FIGS. 7 and 8 illustrate a transmitter device in accordance with the invention incorporated in an RF telephony device or so called cellular telephone, generally designated by the numeral 130. When a transmitter device, such as the device 130, is located in a space, such as the interior space 112 f, FIG. 7, it is within range of at least two receiver-transmitter units 122, that is, the receiver 123 a at the entry to the space 112 e and the receiver 123 a at the entry to the space 112 f, for example. Signals received at the receiver-transmitter units 122 at the entries to the spaces 112 e and 112 f, transmit the received signal to the receiver unit 124 and to the control center 16 wherein times of arrival of the signals to the respective units may be utilized to calculate the location of the device 130. Alternatively, if the facility 112 is constructed of certain materials or is arranged in such a way as to prevent coherent RF transmission through the wall structures dividing the spaces 112 a through 112 g the receiver-transmitter unit 122 at the entry to the space 112 f will, at least, be capable of signaling that a person carrying the device 130 is within the space 112 f.
 Referring briefly to FIG. 8, the device 130, as previously described, may comprise an RF telephony device or so called cellular telephone having a transmitter 20 disposed therein and suitably configured to utilize either its own battery or the battery for the telephony device. The transmitter 20 may, in a manner similar to the device shown in FIG. 4, include the RF receiver with page response circuit 58, the control switches 40 and 42 and the indicators 44 and 46. The telephony device 130 will, of course, include its own RF transmitter/receiver unit 132 incorporated therein.

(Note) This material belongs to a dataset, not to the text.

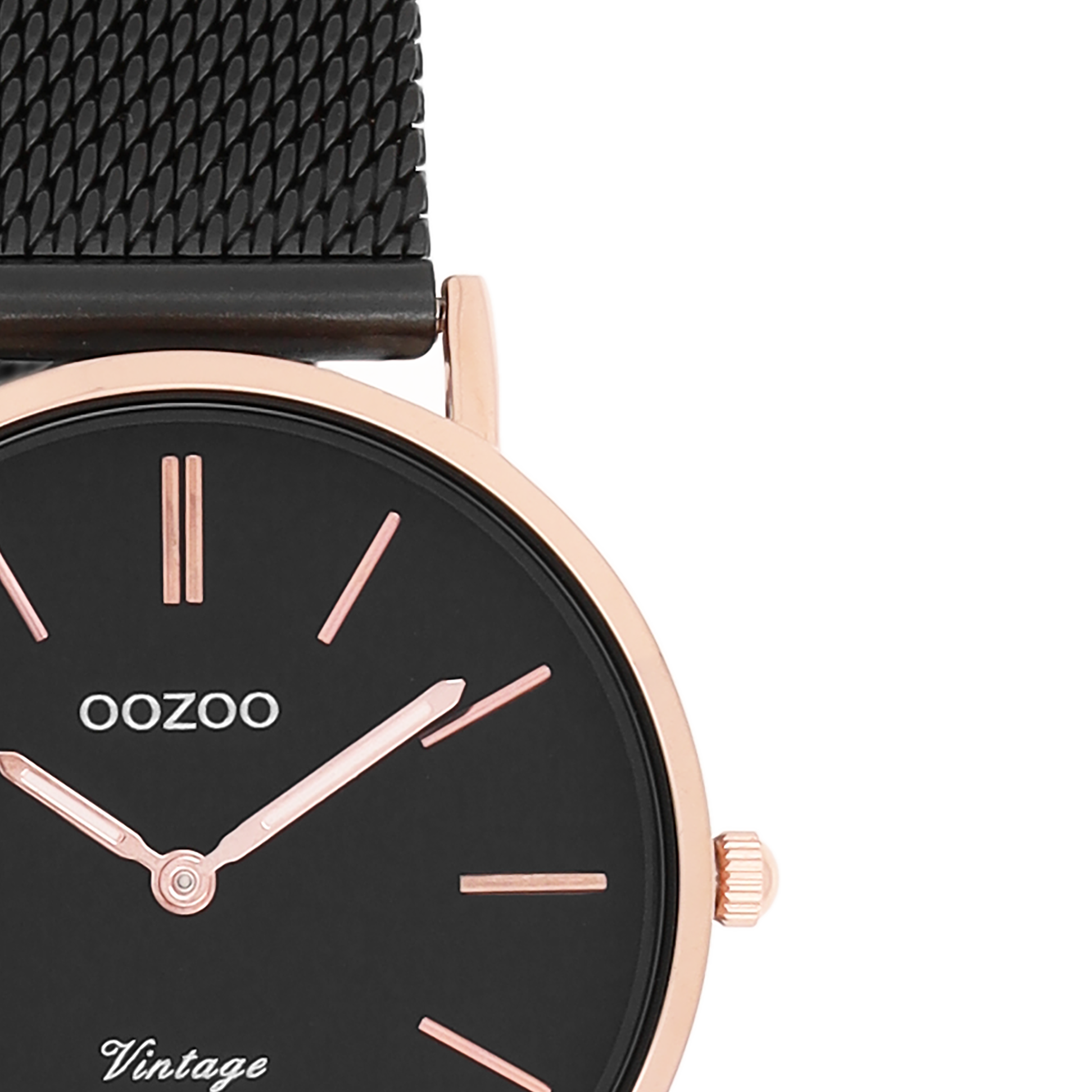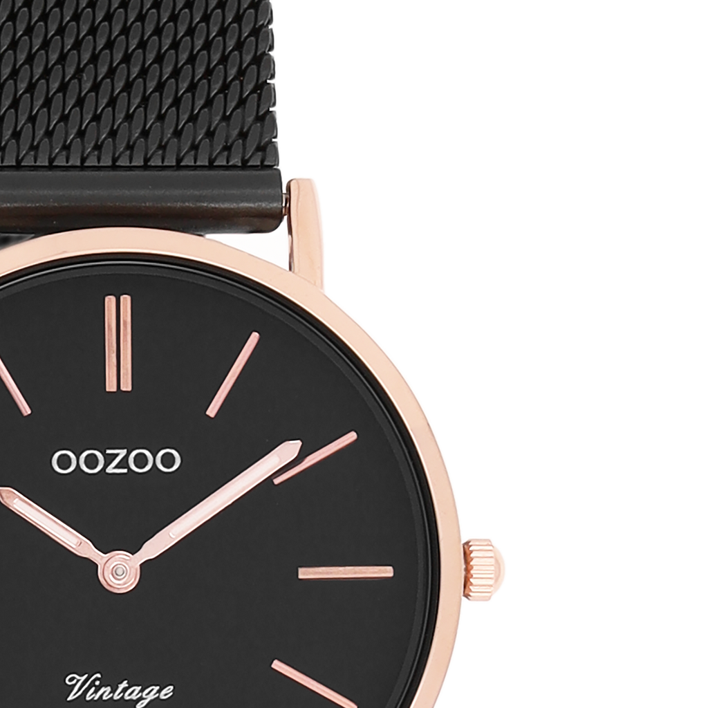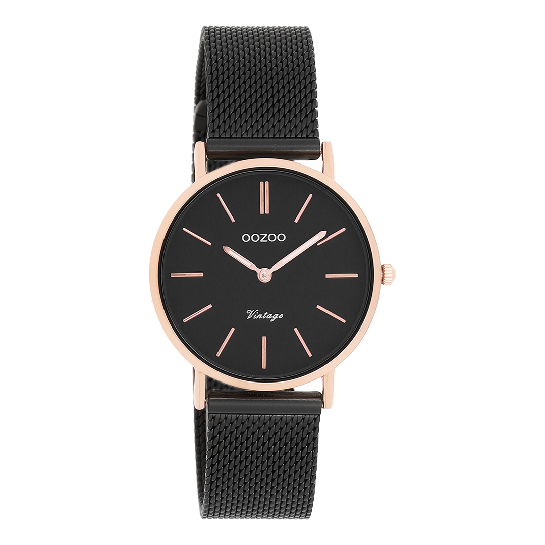 Rosé goudkleurige OOZOO horloge met zwarte metalen mesh armband - C8871

 The operation of the system 100 is substantially the same as the system 10 with the advantage that installation of the system in an existing facility is less complicated when the system receivers incorporate transmitter devices which are capable of line of sight transmission to a receiver or a relay unit such as the unit 124. Of course, if the facility permits, as a consequence of its structural features, the transmitter portions 123 b may be RF transmitters and the receiver-transmitter units 122 may be located in other patterns within each of the spaces 112 a through 112 g, for example.
 Another advantage of the systems 10 and 100 is that with these systems installed in a large number of public facilities or public use areas, persons subscribing to the service provided by the systems may utilize the system at each such facility. Still further, a service utilizing a system, such as the system 100, in particular, may, with each subscriber's permission, use transmitter locator signals from each of the devices, such as the devices 20 a, 48 and 130 to provide tracking of a person carrying the device with respect to their interests and so called shopping habits, since the system 100 will be capable of indicating whenever a device 20 a, 48 or 130 enters the facility 112 or any of the spaces 112 a through 112 g. Such data may be useful to developers and planners of facilities, such as the facility 112, as well as retail merchants occupying the respective spaces 112 a through 112 g.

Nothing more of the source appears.